--- Input data Enclosed Below ---

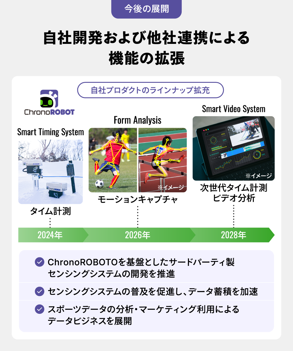 既にタイム計測システム「ChronoROBOT:Smart Timing System」は各地でデモおよびテストを実施しており、プロトタイプ版は国内、米国、欧州への出荷実績があります。この夏、正式リリース予定です。
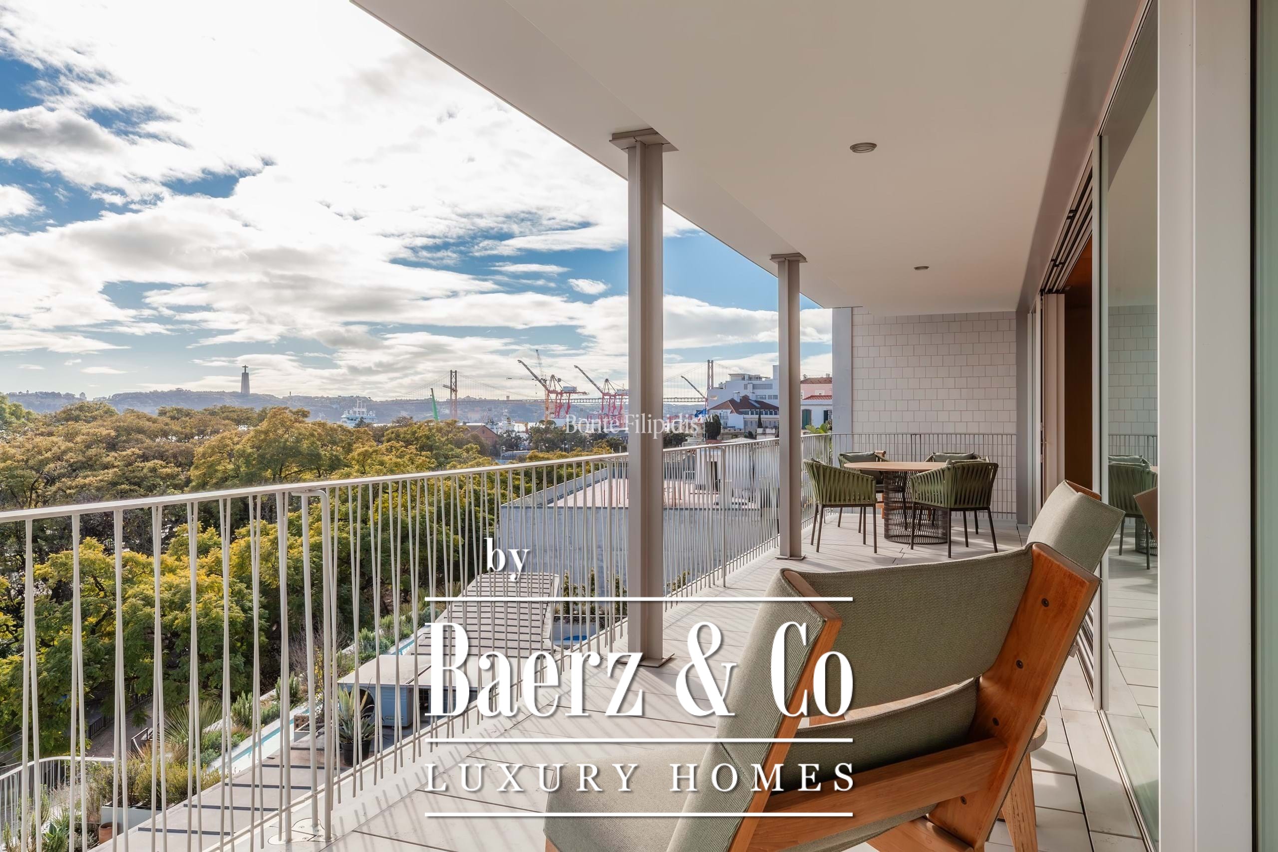 Apartment Estrela Lisbon is set in the creative enclave of Santos, known for its energy and riverside allure. This four-bedroom residence offers 248 m² of living space, where refined design and light are constant companions. A 46 m² private terrace, oriented south, connects interior and exterior, framing panoramic views of the Rio Tejo, Cristo Rei, and Largo de Santos, and offering sunlight throughout the day.
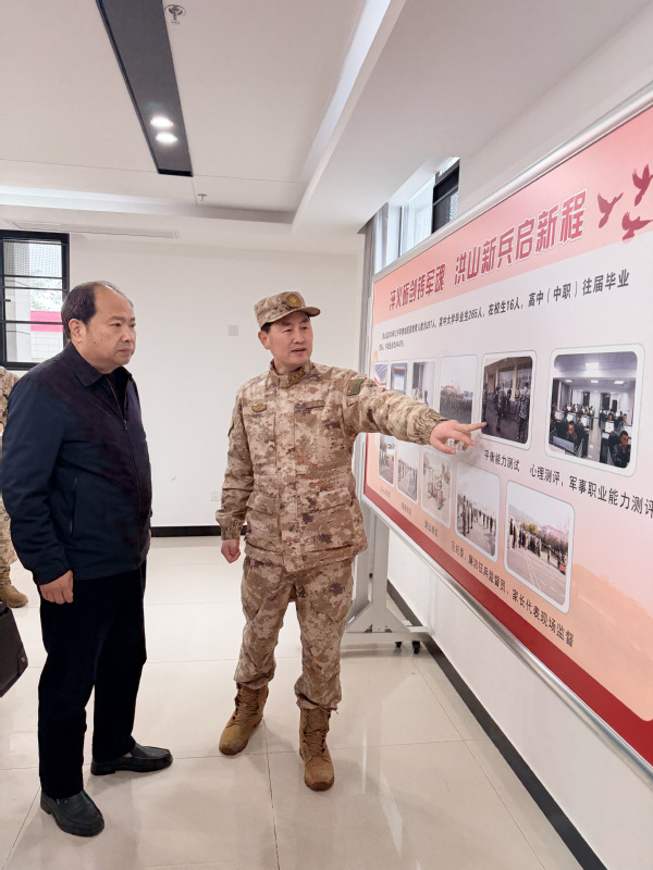 在训练基地,洪山区人武部部长王兴松详细介绍了役前教育训练的整体安排、日常管理及训练进展,双方就军地协同推进征兵后续工作、做好入伍学子服务保障等事宜深入交流,搭建起军地联动、共育英才的坚实桥梁。
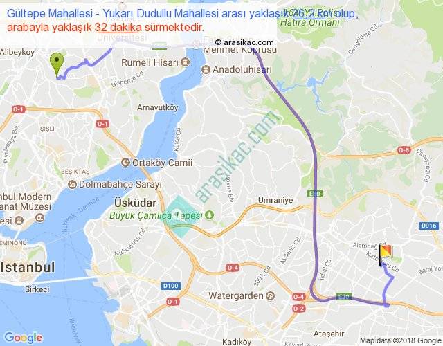 Gültepe Mahallesi - Yukarı Dudullu Mahallesi arası yaklaşık olarak 90 km/h ile yukarıda belirtilen sürede olup, iki yerin kuş uçuşu uzaklığı (mesafesi) 15'dir. Yolculuk otobüsle 41 dakika sürmektedir.

--- End of Enclosed Input data ---

> [What you will do]:
Print the complete listing exactly, apart from any pictures.

> [Output for this exercise]:
 既にタイム計測システム「ChronoROBOT:Smart Timing System」は各地でデモおよびテストを実施しており、プロトタイプ版は国内、米国、欧州への出荷実績があります。この夏、正式リリース予定です。
 Apartment Estrela Lisbon is set in the creative enclave of Santos, known for its energy and riverside allure. This four-bedroom residence offers 248 m² of living space, where refined design and light are constant companions. A 46 m² private terrace, oriented south, connects interior and exterior, framing panoramic views of the Rio Tejo, Cristo Rei, and Largo de Santos, and offering sunlight throughout the day.
 在训练基地,洪山区人武部部长王兴松详细介绍了役前教育训练的整体安排、日常管理及训练进展,双方就军地协同推进征兵后续工作、做好入伍学子服务保障等事宜深入交流,搭建起军地联动、共育英才的坚实桥梁。
 Gültepe Mahallesi - Yukarı Dudullu Mahallesi arası yaklaşık olarak 90 km/h ile yukarıda belirtilen sürede olup, iki yerin kuş uçuşu uzaklığı (mesafesi) 15'dir. Yolculuk otobüsle 41 dakika sürmektedir.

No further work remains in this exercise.